To create a label using the API, add a labels field to the dataset's configuration object when creating or updating the dataset.

{
  "kind": "bigquery#dataset",
  ...
  "friendlyName": string,
  "description": string,
  "labels": {
    "[KEY1]": "[VALUE1]",
    "[KEY2]": "[VALUE2]"
  }
   ...
}

Where [KEY1] and [KEY2] are label keys, and [VALUE1] and [VALUE2] are the corresponding label values that you want to create.

Updating a label

To update a label for a dataset:

Command-line

Use the bq update command with the set_label flag.

  • bq update --set_label [KEY1:VALUE1] --set_label [KEY2:VALUE2] --set_label [KEYN:VALUEN] [DATASET_ID]

Where [KEY1:VALUE1], [KEY2:VALUE2], and [KEYN:VALUEN] are label key:value pairs that you want to update, and [DATASET_ID] is a valid dataset ID.

For example, to update a label that tracks departments, specify a new value for the department key:

  • bq update --set_label department:receiving [DATASET_ID]

API

  1. Modify the labels field in the dataset's configuration object.

    {
      "kind": "bigquery#dataset",
      ...
      "friendlyName": string,
      "description": string,
      "labels": {
        "[KEY1]": "[VALUE1]",
        "[KEY2]": "[VALUE2]"
      }
       ...
    }
    

    Where [KEY1] and [KEY2] are label keys, and [VALUE1] and [VALUE2] are the corresponding label values that you want to create.

  2. To replace all labels in the dataset, call Datasets.update().

  3. Alternately, to replace only the labels specified and otherwise preserve existing ones, call Datasets.patch().

If there are concurrent calls to update() and delete(), BigQuery executes the last one received.

Deleting a label

To delete a label from a dataset:

Command-line

Use the bq update command with the clear_label flag.

  • bq update --clear_label [KEY1] --clear_label [KEY2] --clear_label [KEYN] [DATASET_ID]

Where [KEY1], [KEY2], and [KEYN] are label keys that you want to delete, and [DATASET_ID] is a valid dataset ID.

For example, to delete a label that tracks departments, specify the department key:

  • bq update --clear_label department [DATASET_ID]

API

To remove all labels from a dataset:

  1. Remove the labels field from the dataset's configuration object.

    {
      "kind": "bigquery#dataset",
      ...
      "friendlyName": string,
      "description": string,
       ...
    }
    
  2. Call Datasets.update().

To delete specific labels from a dataset and otherwise preserve the other existing labels:

  1. Change the value of the labels you want to delete to null:

    {
      "kind": "bigquery#dataset",
      ...
      "friendlyName": string,
      "description": string,
      "labels": {
        "[KEY1]": null,
        "[KEY2]": null
      }
       ...
    }
    

    Where [KEY1] and [KEY2] are label keys that you want to delete.

  2. Call Datasets.patch().

If there are concurrent calls to update() and delete(), BigQuery executes the last one received.

Deleting a label's value

A label that has a key but an empty value can be used as a tag.
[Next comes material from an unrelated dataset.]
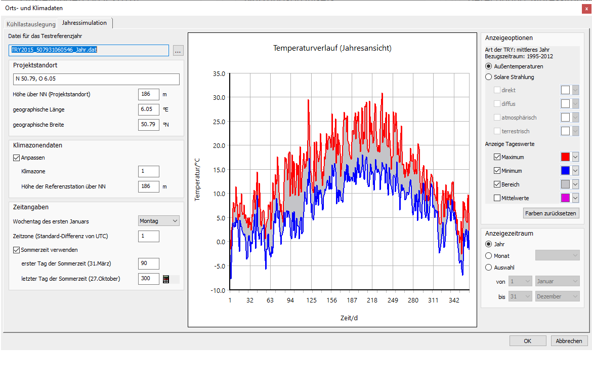 Die für die Berechnung der Jahressimulation genutzten Testreferenzjahre (TRJ) basieren auf Wetterdaten, aus dem für jede Stunde des Jahres ein repräsentativer Wert ausgewählt wurde. Der Deutsche Wetterdienst stellt die TRJ für ganz Deutschland mit einer Auflösung von einem Quadratkilometer kostenlos zur Verfügung. Für jeden dieser Standorte sind sechs verschiedene Datensätze enthalten. Zum einen werden zwei Bezugszeiträume mitgeliefert. Die TRY-2015 beziehen sich auf Wetterdaten von 1995 bis 2012 und bilden die Gegenwart ab. Die zweite Bezugsperiode TRJ-2045 ist als Zukunftsprognose zu verstehen. Diese wird auf Basis von Wettermodellen ermittelt und repräsentiert den Zeitraum 2031 bis 2060. Für beide Bezugszeiträume werden TRJ für ein „Normales Jahr“, einen „Extremen Sommer“ und einen „Extremen Winter“ zur Verfügung gestellt. Das Normale Jahr der TRJ-2015 entspricht einem Mittel aller Jahre der ausgewählten Periode. Bei den Extremen-TRJ wird ein Jahr aus der Periode mit dem entsprechend wärmsten oder kältesten Halbjahr (Sommer: Apr.-Sep.; Winter: Okt.-Mär.) ausgewählt. Somit entsprechen die aktuellen extremen TRJ einem ausgewählten real zusammenhängenden Jahr und das normale Jahr wird aus einer Mittelwertbildung erstellt.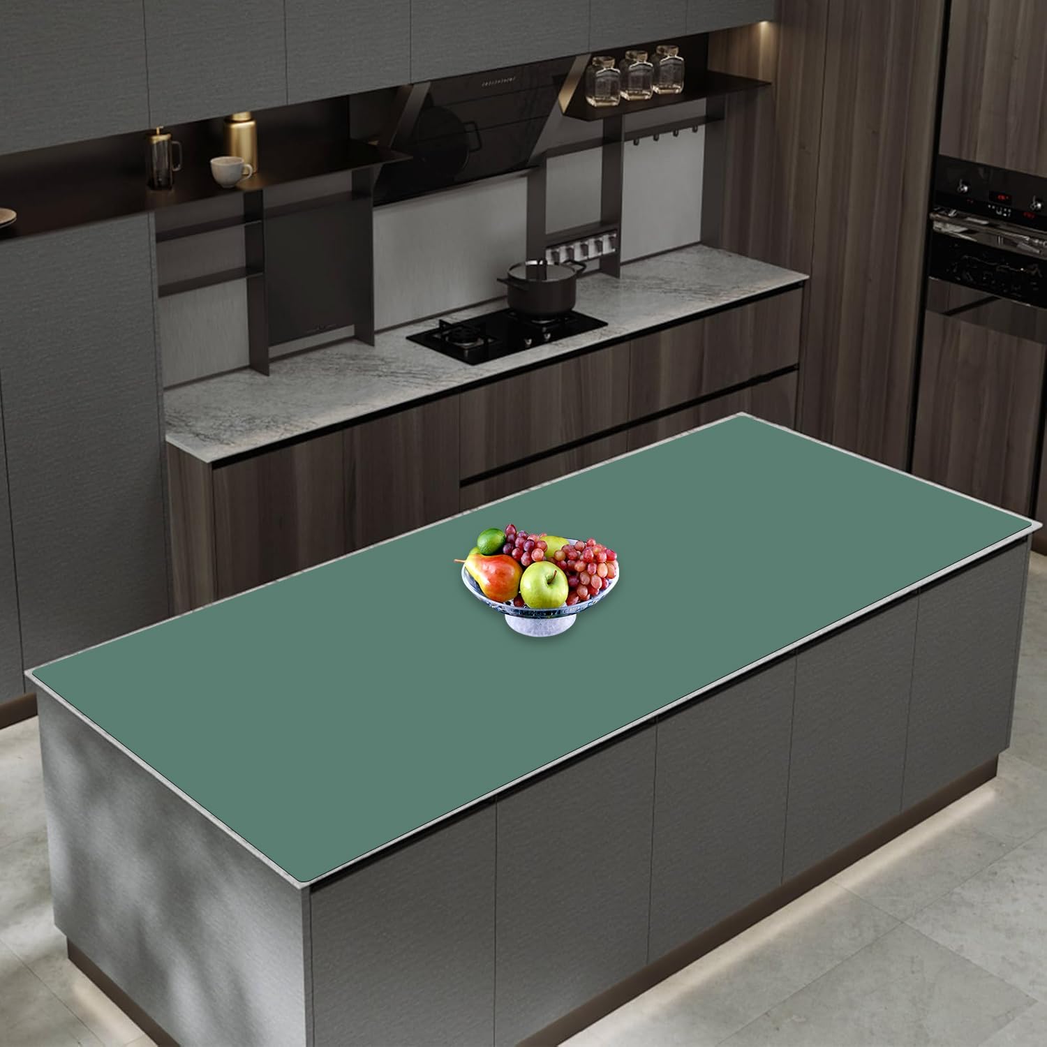 47.3''x23.6''(120cmx60cm) Extra Large Silicone Mat for Kitchen Counter, Heat Resistant Countertop Protector, Non-Slip Waterproof Kitchen Island Mat, Easy to Clean, Green

To delete a label's value, specify a label with an empty value:

Command-line

Use the bq update command with the set_label flag. Specify the key, followed by a colon, but leave the value unspecified.
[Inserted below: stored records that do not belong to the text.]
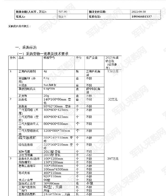 【军队采购】某单位药材采购需求公示 (2022-JQGCGZ-W1001)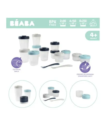 Beaba - zestaw słoiczków Clip 12 sztuk (2x90ml, 4x150ml, 6x250ml) + 2 łyżeczki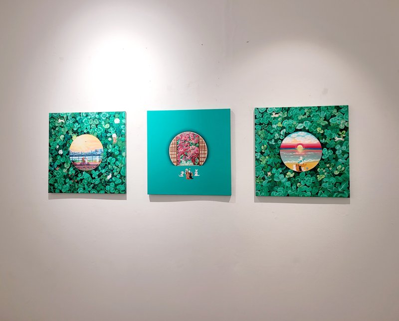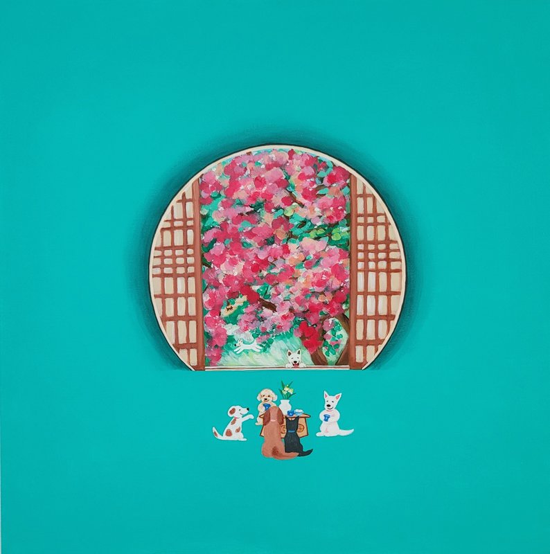 오경자 작가는 반려견 '메이'와 상상 속 동물 친구들을 중심으로 펼쳐지는 따뜻한 풍경을 화폭에 그려낸다. 작가는 잠재된 감정을 꺼내 창작 활동을 통해 곱게 걸러내고, 이를 기반으로 작품에 위로의 정서를 담는다. 그렇기에 작품은 단순한 상상화가 아니라, 자신의 감정을 성찰하고 돌볼 줄 아는 작가의 세심함이 깃든 표현 매체이기도 하다. 반려견의 일상에서 비롯된 순수하고 생명력 넘치는 기운은 작가 특유의 부드럽고 화사한 색감을 통해 화면 전반을 따스하게 물들인다. 마치 동화 속 한 장면과 같은 오경자 작가의 환상적이고 서정적인 작품은, 관람객으로 하여금 유년 시절의 기억과 순수했던 모습들을 다시 불러일으키는 특별한 경험을 제공한다.
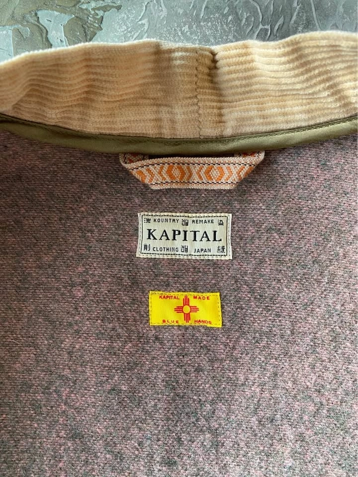 Kapital Kountry jacket with detailed stitched patterns, corduroy sleeves and trim. Features 2 pockets on seams, and 2 pockets inside. Purchased in Tokyo. Sizing is men's L. As new, excellent condition.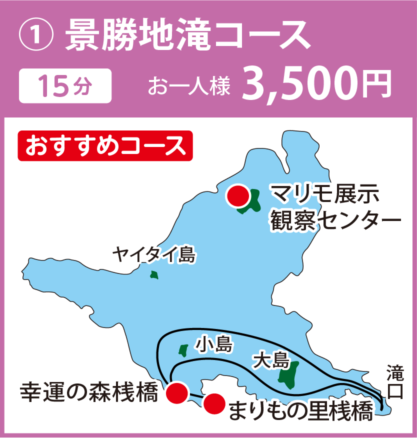大島コース(10分)からチュウルイ島・景勝地滝口を巡るデラックスコース(45分)まで、6つのコースを設定。阿寒湖の旅の思い出を演出します。

  • bq update --set_label [KEY1]: --set_label [KEY2]: --set_label [KEYN]: [DATASET_ID]

Where [KEY1], [KEY2], and [KEYN] are label keys that you want to keep without values, and [DATASET_ID] is a valid dataset ID.

For example, to delete the value associated with the department key, specify the department key with an empty value:

  • bq update --set_label department: [DATASET_ID]

API

To delete a label's value, but retain the label's key:

  1. Change the value of the labels you want to delete to the empty string (""):

    {
      "kind": "bigquery#dataset",
      ...
      "friendlyName": string,
      "description": string,
      "labels": {
        "[KEY1]": "",
        "[KEY2]": ""
      }
       ...
    }
    

    Where [KEY1] and [KEY2] are label keys that you want to keep, but with no values attached to them.

  2. Call Datasets.patch().

If there are concurrent calls to update() and delete(), BigQuery executes the last one received.

Viewing a dataset's labels

To view a dataset's labels:

Command-line

Use the bq show command with the dataset ID.

  • bq show [DATASET_ID]

The command-line tool returns the labels associated with that dataset.

API

Call the Datasets.get() command. The response includes all labels associated with that dataset.

Alternately, you can use Datasets.list() to view the labels for multiple datasets. You can also use filters to return a group of datasets that share common labels.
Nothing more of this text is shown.